(Data section Opens)

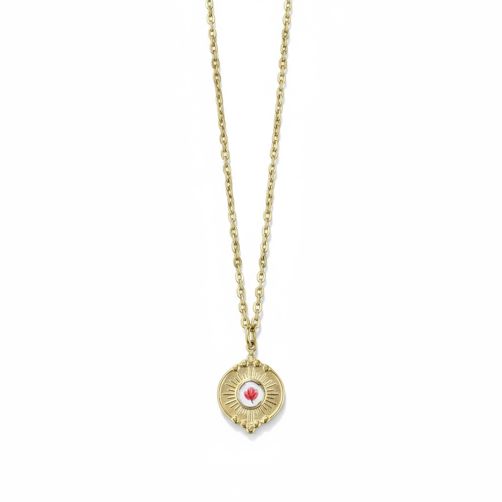 Este collar combina la delicadeza de una florecita en relieve dorado con la elegancia de un diseño circular atemporal. Cada pieza está cuidadosamente trabajada a mano, reflejando la inspiración en los pequeños detalles de la naturaleza que florecen en el Caribe.
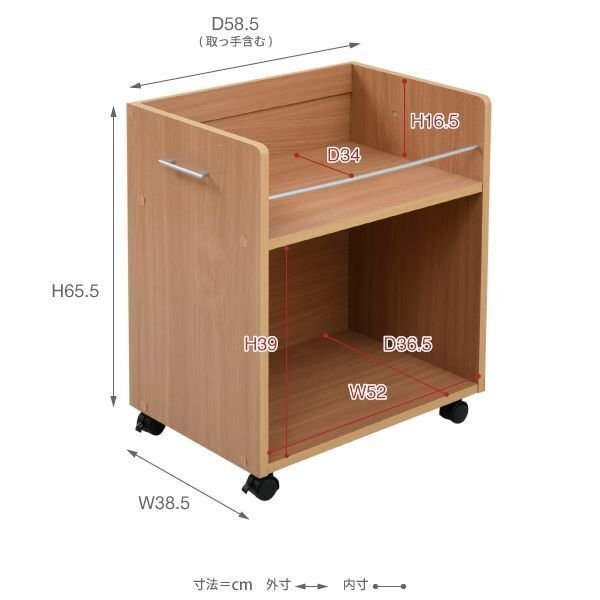 | 【カラー】 ダークブラウン、ナチュラル、ホワイト 【サイズ】 <外寸> 幅38.5×奥行58.5×高さ65.5cm/個 <内寸> オープン部:幅52×奥行36.5×高さ39cm 上部オープン部:幅52×奥行34×高さ16.5cm 【材質】 本体:プリント紙化粧合板 【耐荷重】 固定棚:(約)10kg以下 【生産国】 インドネシア 【梱包】 サイズ:64.5×45×20.5cm、重量:18.5kg 【その他】 ・キャスター4個(うちストッパー付き2個)/個 ・背面化粧有り 【組み立て品】 お客様による組み立てが必要です。 |
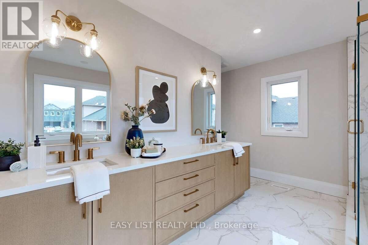 *** For more information, please click Brochure button. *** Stunning 4-bedroom, 2.5-bathroom single detached home in Peterborough's sought-after West End community. Offering 2,530 sq. ft. of living space, this residence features a classic brick and vinyl exterior, 9' main-floor ceilings, extra-tall windows, a covered front porch, and a 2 car garage. The brand new home design features 4 large bedrooms 2.5 bathrooms including a primary ensuite with free standing soaker tub, double sink vanity and separate glass shower. The home also includes hardwood flooring on the main floor, ceramic tile throughout wet areas and quality carpet on the second floor. The open-concept kitchen/great room is anchored by quartz kitchen countertops, perfect for everyday living and entertaining. The purchaser still has the option of choosing all of the interior and exterior finishings for this new home. The structure is to be built; the photos are of similar construction. Rendering photos. (id:61423)
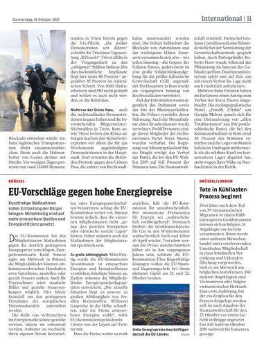 Ab morgen ist für Italiens Arbeitnehmer ein 3-G-Nachweis Pflicht. In Triest formiert sich Protest. Sorgen bereiten auch Neofaschisten, die Corona-Proteste unterwandern.
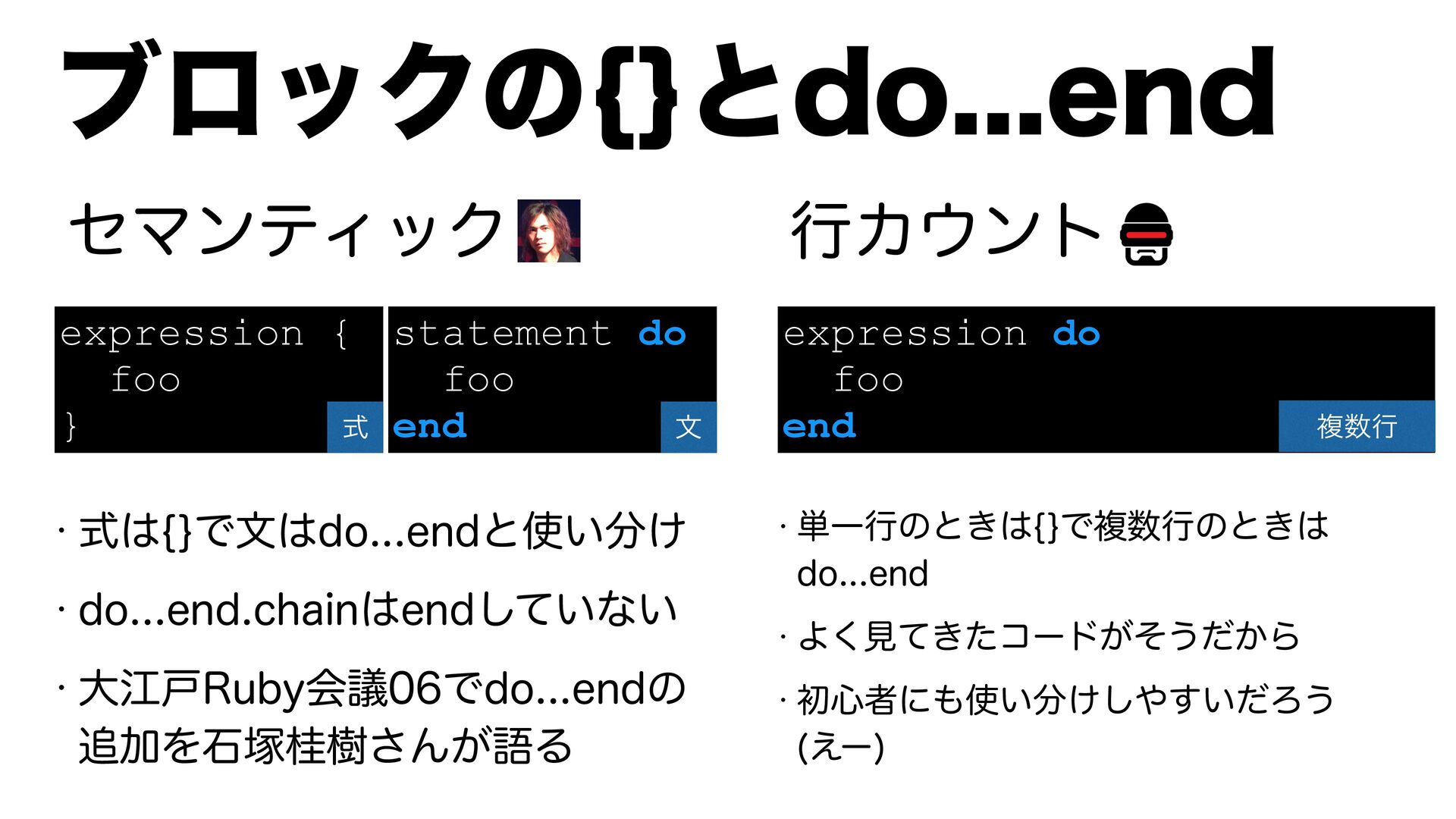 EPFOEDIBJOFOE͍ͯ͠ͳ͍ w େߐށ3VCZձٞͰEPFOEͷ ՃΛੴ௩ܡथ͞Μ͕ޠΔ expression do foo end w ୯Ұߦͷͱ͖\^Ͱෳߦͷͱ͖ EPFOE w Α͘ݟ͖ͯͨίʔυ͕ͦ͏͔ͩΒ w ॳ৺ऀʹ͍͚͍ͩ͢͠Ζ͏ ͑ʔ statement do foo end ࣜ จ ෳߦ
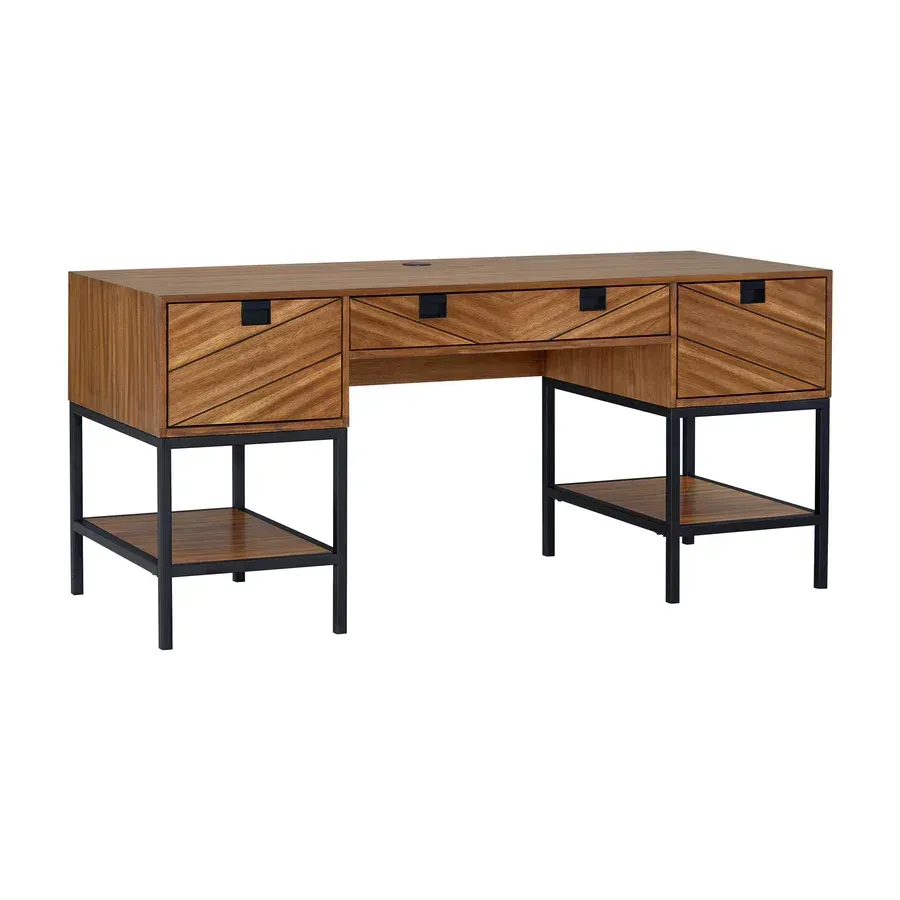 Bring home the Astoria 66 inch Executive Desk to furnish your home office in modern, contemporary style. Crafted from Acacia Solids and Veneers, this showstopping Computer Desk features a crisp chevron pattern in a Natural finish that beautifully showcases the unique characteristics of the wood grain with a Black Metal Base and Hardware. Featuring a three storage drawers and two shelves, this Desk is the ideal spot to get your best work done. The Astoria will make an upscale statement in your home.

(Data section Closes)

▸ **Your assignment**:
Exact repeats of the lines from the first one in the data through the line containing "ダークブラウン、ナチュラル、ホワイト 【サイズ】 <外寸>" make up the answer. Pictures do not.

▸ **Expected answer**:
 Este collar combina la delicadeza de una florecita en relieve dorado con la elegancia de un diseño circular atemporal. Cada pieza está cuidadosamente trabajada a mano, reflejando la inspiración en los pequeños detalles de la naturaleza que florecen en el Caribe.
 | 【カラー】 ダークブラウン、ナチュラル、ホワイト 【サイズ】 <外寸> 幅38.5×奥行58.5×高さ65.5cm/個 <内寸> オープン部:幅52×奥行36.5×高さ39cm 上部オープン部:幅52×奥行34×高さ16.5cm 【材質】 本体:プリント紙化粧合板 【耐荷重】 固定棚:(約)10kg以下 【生産国】 インドネシア 【梱包】 サイズ:64.5×45×20.5cm、重量:18.5kg 【その他】 ・キャスター4個(うちストッパー付き2個)/個 ・背面化粧有り 【組み立て品】 お客様による組み立てが必要です。 |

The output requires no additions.